• TASK TO CARRY OUT
Copy the records below exactly, starting at the line that contains "CLEMENS XI P" and ending at the line that contains "Hot Girls Purple"; leave out any pictures.

• INPUT DATA
================
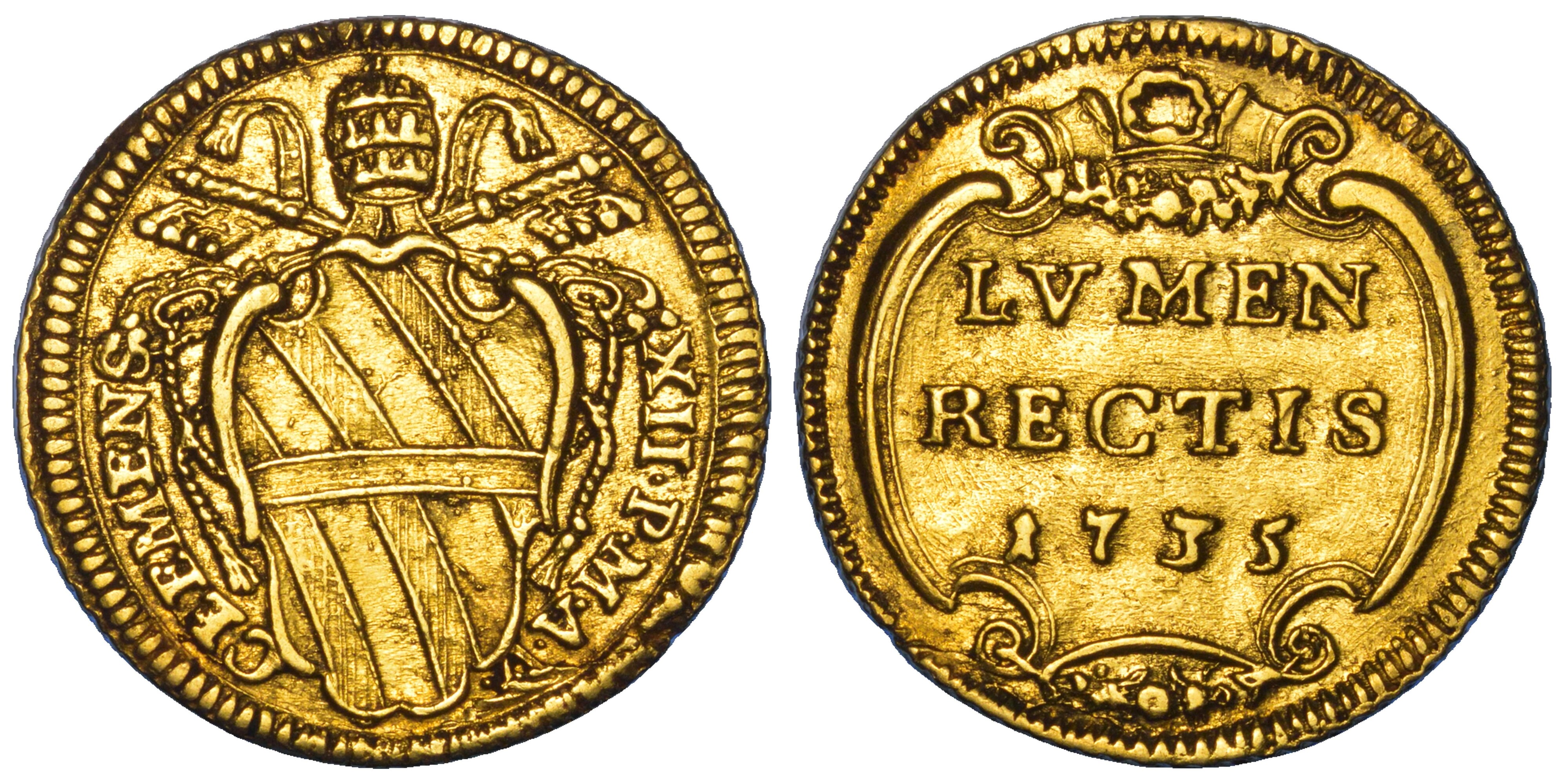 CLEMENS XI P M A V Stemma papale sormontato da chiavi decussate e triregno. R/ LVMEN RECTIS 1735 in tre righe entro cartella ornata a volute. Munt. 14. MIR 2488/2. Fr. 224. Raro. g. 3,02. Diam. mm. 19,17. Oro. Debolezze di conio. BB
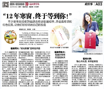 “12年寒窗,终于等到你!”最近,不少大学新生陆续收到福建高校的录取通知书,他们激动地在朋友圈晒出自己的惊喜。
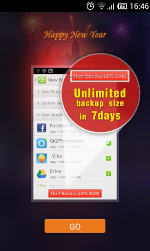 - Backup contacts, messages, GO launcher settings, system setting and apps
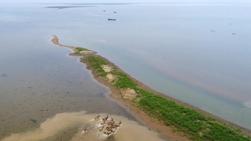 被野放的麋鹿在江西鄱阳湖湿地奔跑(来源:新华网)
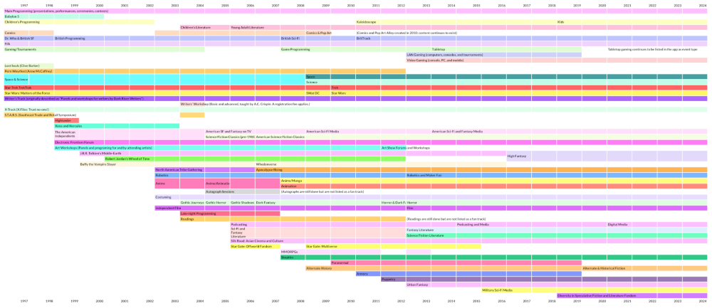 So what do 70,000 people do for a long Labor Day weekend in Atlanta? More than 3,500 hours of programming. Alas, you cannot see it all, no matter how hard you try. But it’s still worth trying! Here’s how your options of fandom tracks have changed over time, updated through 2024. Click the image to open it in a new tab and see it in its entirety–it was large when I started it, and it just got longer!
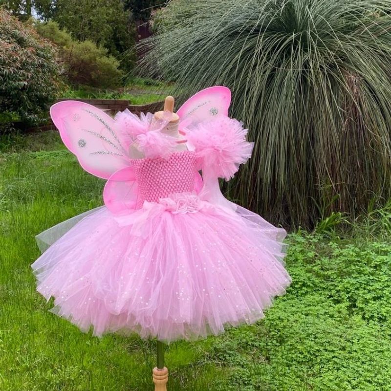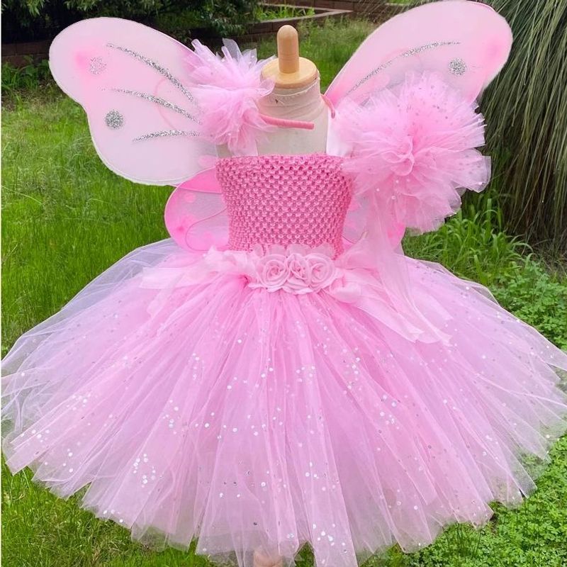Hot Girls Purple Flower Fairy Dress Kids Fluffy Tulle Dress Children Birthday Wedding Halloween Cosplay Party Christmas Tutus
================
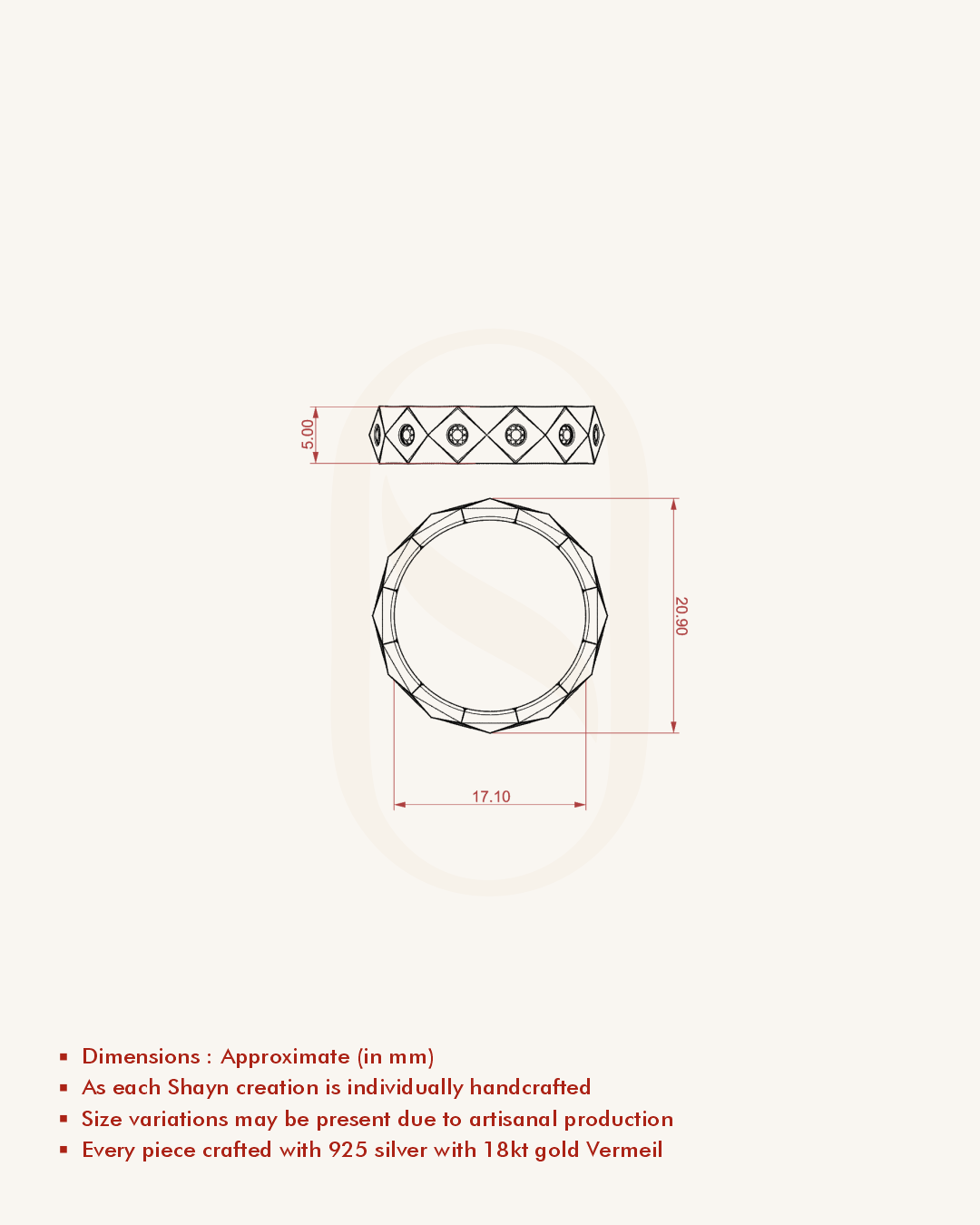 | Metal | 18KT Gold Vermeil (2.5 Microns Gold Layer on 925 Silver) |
================
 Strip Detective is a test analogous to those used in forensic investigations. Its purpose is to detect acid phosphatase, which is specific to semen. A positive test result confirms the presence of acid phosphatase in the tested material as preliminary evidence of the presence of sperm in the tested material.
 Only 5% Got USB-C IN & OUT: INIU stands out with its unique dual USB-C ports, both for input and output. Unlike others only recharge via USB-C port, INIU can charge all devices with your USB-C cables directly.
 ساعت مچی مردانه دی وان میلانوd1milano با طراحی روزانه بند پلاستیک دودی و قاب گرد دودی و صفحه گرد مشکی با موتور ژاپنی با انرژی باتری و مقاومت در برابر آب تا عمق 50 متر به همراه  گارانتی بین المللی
================
• TASK SOLUTION
 CLEMENS XI P M A V Stemma papale sormontato da chiavi decussate e triregno. R/ LVMEN RECTIS 1735 in tre righe entro cartella ornata a volute. Munt. 14. MIR 2488/2. Fr. 224. Raro. g. 3,02. Diam. mm. 19,17. Oro. Debolezze di conio. BB
 “12年寒窗,终于等到你!”最近,不少大学新生陆续收到福建高校的录取通知书,他们激动地在朋友圈晒出自己的惊喜。
 - Backup contacts, messages, GO launcher settings, system setting and apps
 被野放的麋鹿在江西鄱阳湖湿地奔跑(来源:新华网)
 So what do 70,000 people do for a long Labor Day weekend in Atlanta? More than 3,500 hours of programming. Alas, you cannot see it all, no matter how hard you try. But it’s still worth trying! Here’s how your options of fandom tracks have changed over time, updated through 2024. Click the image to open it in a new tab and see it in its entirety–it was large when I started it, and it just got longer!
Hot Girls Purple Flower Fairy Dress Kids Fluffy Tulle Dress Children Birthday Wedding Halloween Cosplay Party Christmas Tutus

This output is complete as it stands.